Study material:
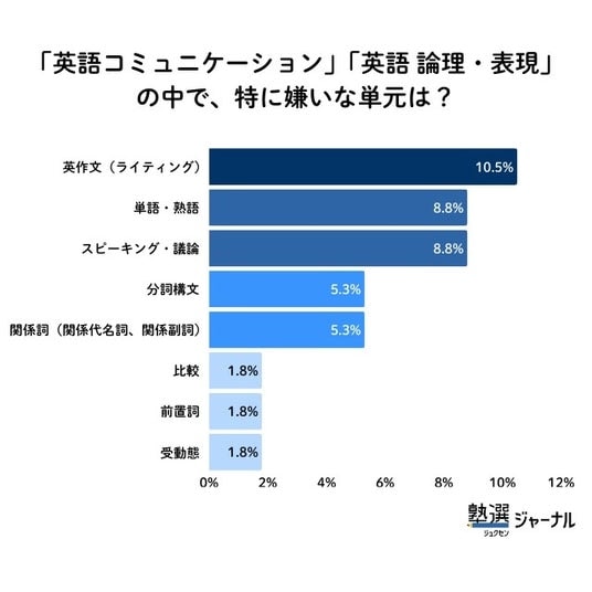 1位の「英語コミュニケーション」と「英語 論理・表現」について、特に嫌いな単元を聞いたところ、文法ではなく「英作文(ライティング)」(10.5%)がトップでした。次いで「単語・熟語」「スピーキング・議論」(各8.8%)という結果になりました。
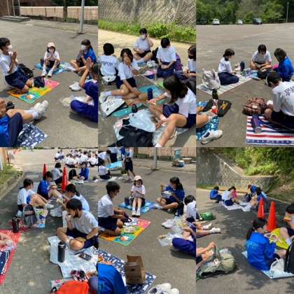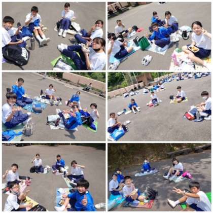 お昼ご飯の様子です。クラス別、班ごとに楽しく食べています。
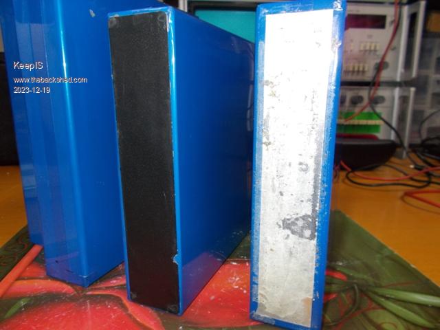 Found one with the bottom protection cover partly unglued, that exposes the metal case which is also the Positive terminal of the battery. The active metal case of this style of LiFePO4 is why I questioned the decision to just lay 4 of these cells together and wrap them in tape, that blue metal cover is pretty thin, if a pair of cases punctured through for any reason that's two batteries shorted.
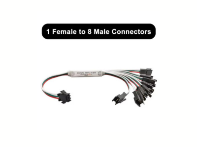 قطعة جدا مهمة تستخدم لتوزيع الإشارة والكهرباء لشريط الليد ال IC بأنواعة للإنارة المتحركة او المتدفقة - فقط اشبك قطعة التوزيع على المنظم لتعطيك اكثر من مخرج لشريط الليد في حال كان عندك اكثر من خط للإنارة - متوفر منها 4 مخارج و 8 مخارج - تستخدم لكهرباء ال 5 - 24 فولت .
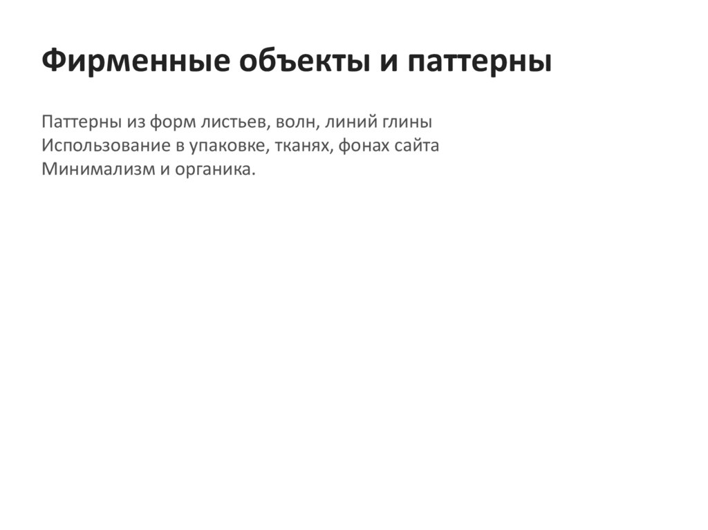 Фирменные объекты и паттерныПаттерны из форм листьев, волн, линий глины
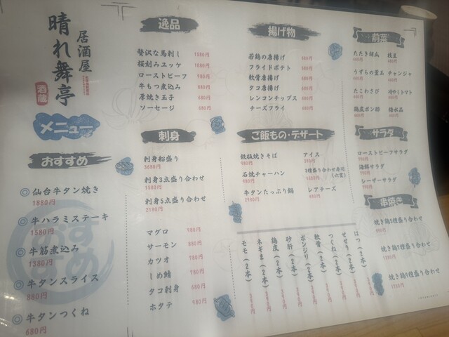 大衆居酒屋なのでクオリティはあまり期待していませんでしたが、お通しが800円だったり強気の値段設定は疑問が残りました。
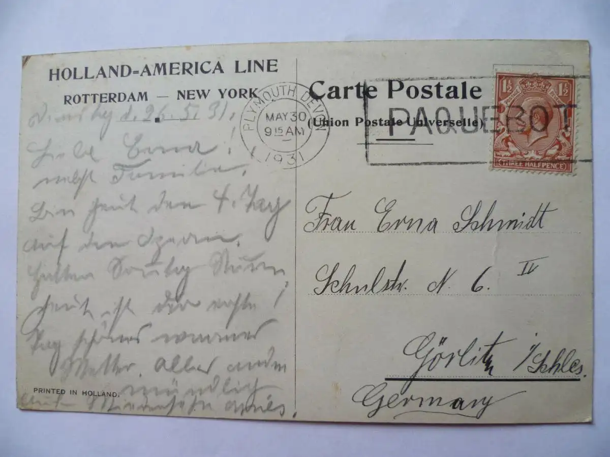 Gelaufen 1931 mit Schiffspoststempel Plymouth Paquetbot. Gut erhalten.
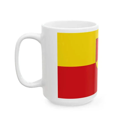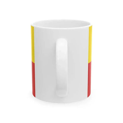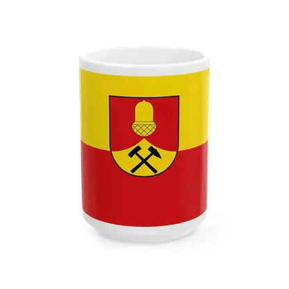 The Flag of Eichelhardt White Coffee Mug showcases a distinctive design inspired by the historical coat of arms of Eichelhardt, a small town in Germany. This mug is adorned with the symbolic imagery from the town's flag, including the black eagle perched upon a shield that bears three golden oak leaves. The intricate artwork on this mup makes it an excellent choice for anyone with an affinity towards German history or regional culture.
--
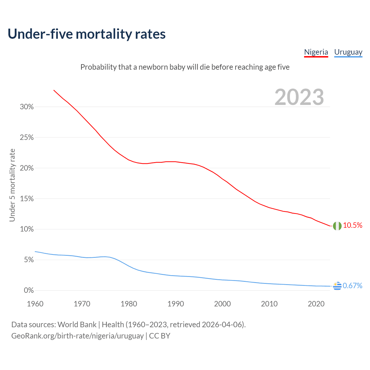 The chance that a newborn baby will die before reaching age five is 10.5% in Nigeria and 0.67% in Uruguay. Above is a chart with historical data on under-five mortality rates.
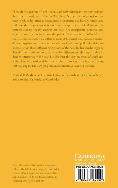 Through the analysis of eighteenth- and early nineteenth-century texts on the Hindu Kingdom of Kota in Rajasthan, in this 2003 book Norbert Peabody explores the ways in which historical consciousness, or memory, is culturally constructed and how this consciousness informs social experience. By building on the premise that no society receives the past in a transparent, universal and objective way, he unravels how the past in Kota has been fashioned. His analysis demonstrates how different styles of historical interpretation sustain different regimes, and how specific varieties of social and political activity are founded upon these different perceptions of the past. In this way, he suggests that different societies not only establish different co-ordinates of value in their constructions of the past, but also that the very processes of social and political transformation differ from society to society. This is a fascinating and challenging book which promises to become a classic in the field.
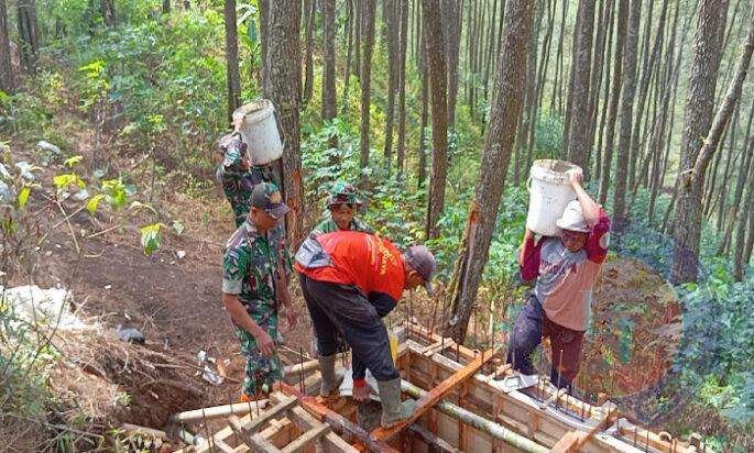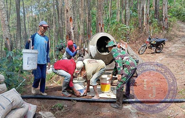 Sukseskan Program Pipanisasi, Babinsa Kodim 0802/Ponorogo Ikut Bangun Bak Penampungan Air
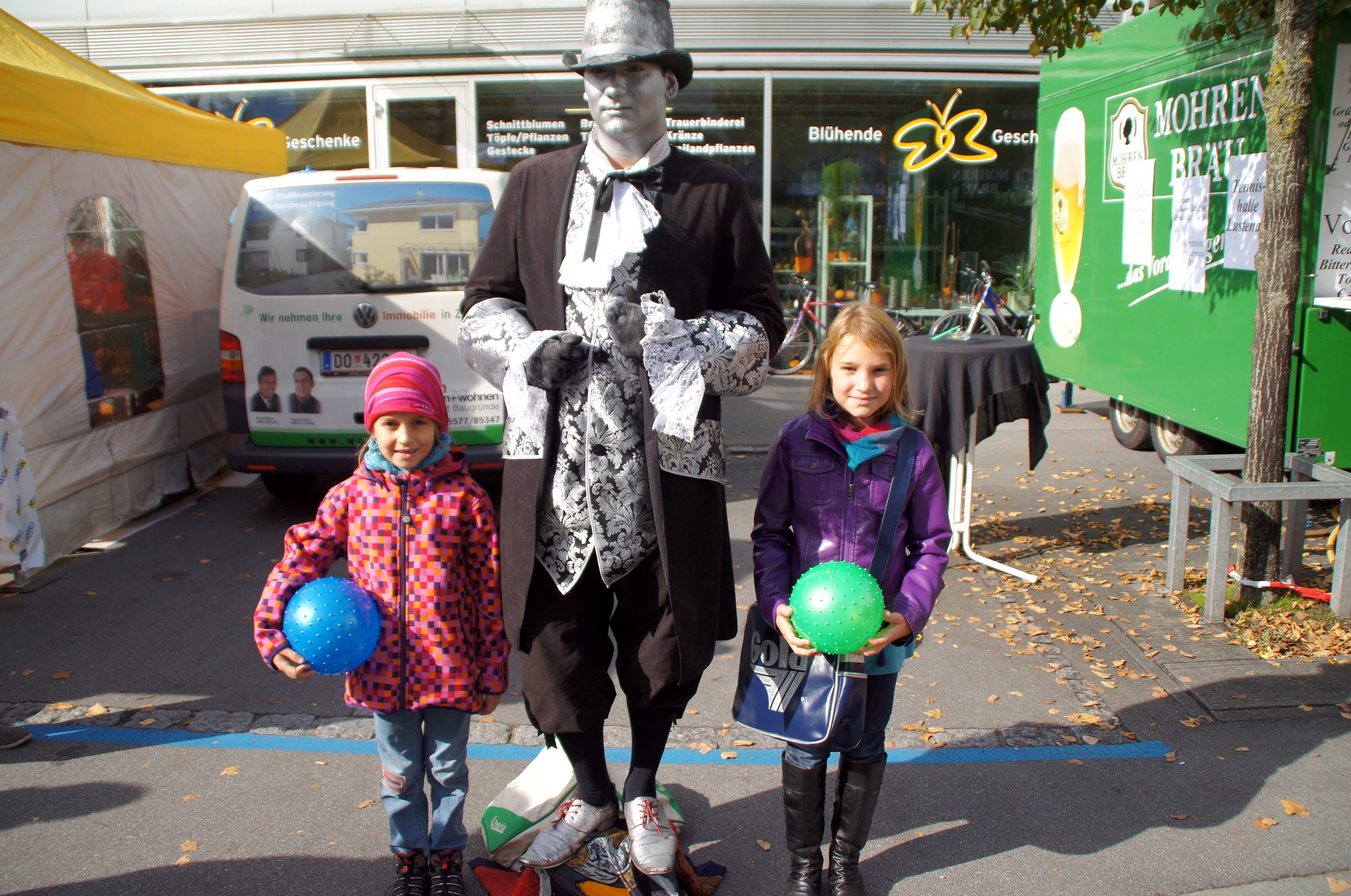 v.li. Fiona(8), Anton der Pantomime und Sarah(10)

To do: Restate word for word every line from the one with "Sukseskan Program Pipanisasi, Babinsa" up to and including the one with "v.li. Fiona(8), Anton" in the records above, minus the pictures.

Task solution:
 Sukseskan Program Pipanisasi, Babinsa Kodim 0802/Ponorogo Ikut Bangun Bak Penampungan Air
 v.li. Fiona(8), Anton der Pantomime und Sarah(10)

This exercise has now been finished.